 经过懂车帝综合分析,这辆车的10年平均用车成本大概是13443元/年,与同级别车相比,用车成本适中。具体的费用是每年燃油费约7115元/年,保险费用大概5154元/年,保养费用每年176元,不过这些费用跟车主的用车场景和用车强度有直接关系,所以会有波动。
--
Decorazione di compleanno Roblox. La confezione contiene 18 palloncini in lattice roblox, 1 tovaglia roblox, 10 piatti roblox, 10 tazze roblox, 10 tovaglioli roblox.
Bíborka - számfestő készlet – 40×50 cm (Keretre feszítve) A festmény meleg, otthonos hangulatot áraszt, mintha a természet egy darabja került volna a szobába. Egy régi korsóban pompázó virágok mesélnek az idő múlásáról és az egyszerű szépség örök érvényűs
* * *
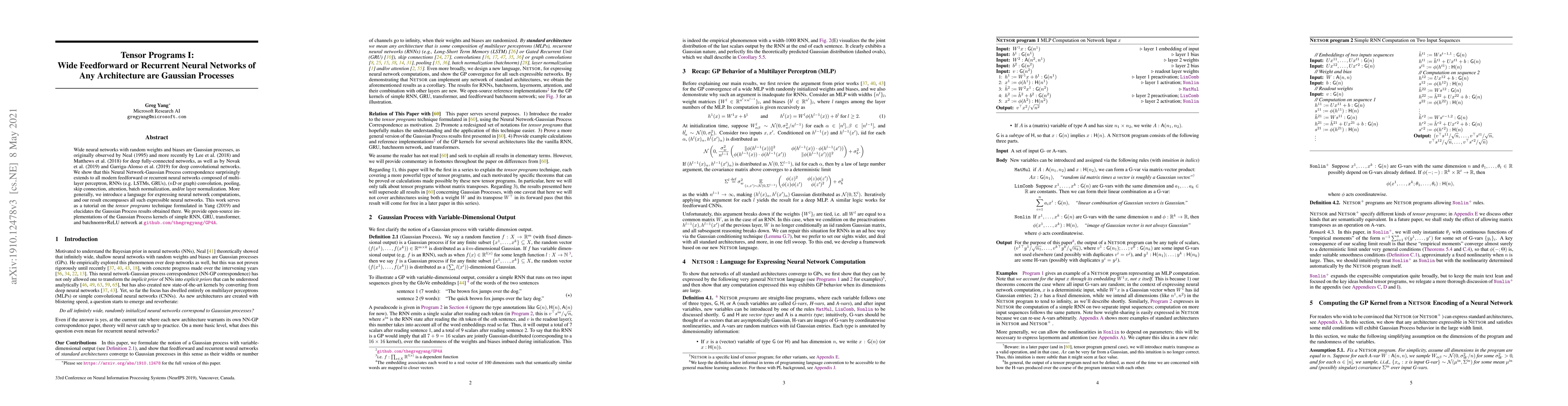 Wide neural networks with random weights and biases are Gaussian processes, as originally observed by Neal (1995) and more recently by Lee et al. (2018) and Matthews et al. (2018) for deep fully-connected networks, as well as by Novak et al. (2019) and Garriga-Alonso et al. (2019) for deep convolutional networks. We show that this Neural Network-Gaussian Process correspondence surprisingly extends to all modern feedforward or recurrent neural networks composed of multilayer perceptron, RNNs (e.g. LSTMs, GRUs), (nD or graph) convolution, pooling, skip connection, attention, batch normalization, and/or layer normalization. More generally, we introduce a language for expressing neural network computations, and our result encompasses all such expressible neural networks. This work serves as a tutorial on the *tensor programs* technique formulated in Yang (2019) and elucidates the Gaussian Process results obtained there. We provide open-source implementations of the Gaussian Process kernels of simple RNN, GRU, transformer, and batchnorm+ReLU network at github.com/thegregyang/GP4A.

**WHAT YOU HAVE TO DO:**
Copy, exactly and only, the lines above that begin with the one containing "Decorazione di compleanno" and finish with the one containing "Bíborka - számfestő".

**OUTPUT BELOW:**
Decorazione di compleanno Roblox. La confezione contiene 18 palloncini in lattice roblox, 1 tovaglia roblox, 10 piatti roblox, 10 tazze roblox, 10 tovaglioli roblox.
Bíborka - számfestő készlet – 40×50 cm (Keretre feszítve) A festmény meleg, otthonos hangulatot áraszt, mintha a természet egy darabja került volna a szobába. Egy régi korsóban pompázó virágok mesélnek az idő múlásáról és az egyszerű szépség örök érvényűs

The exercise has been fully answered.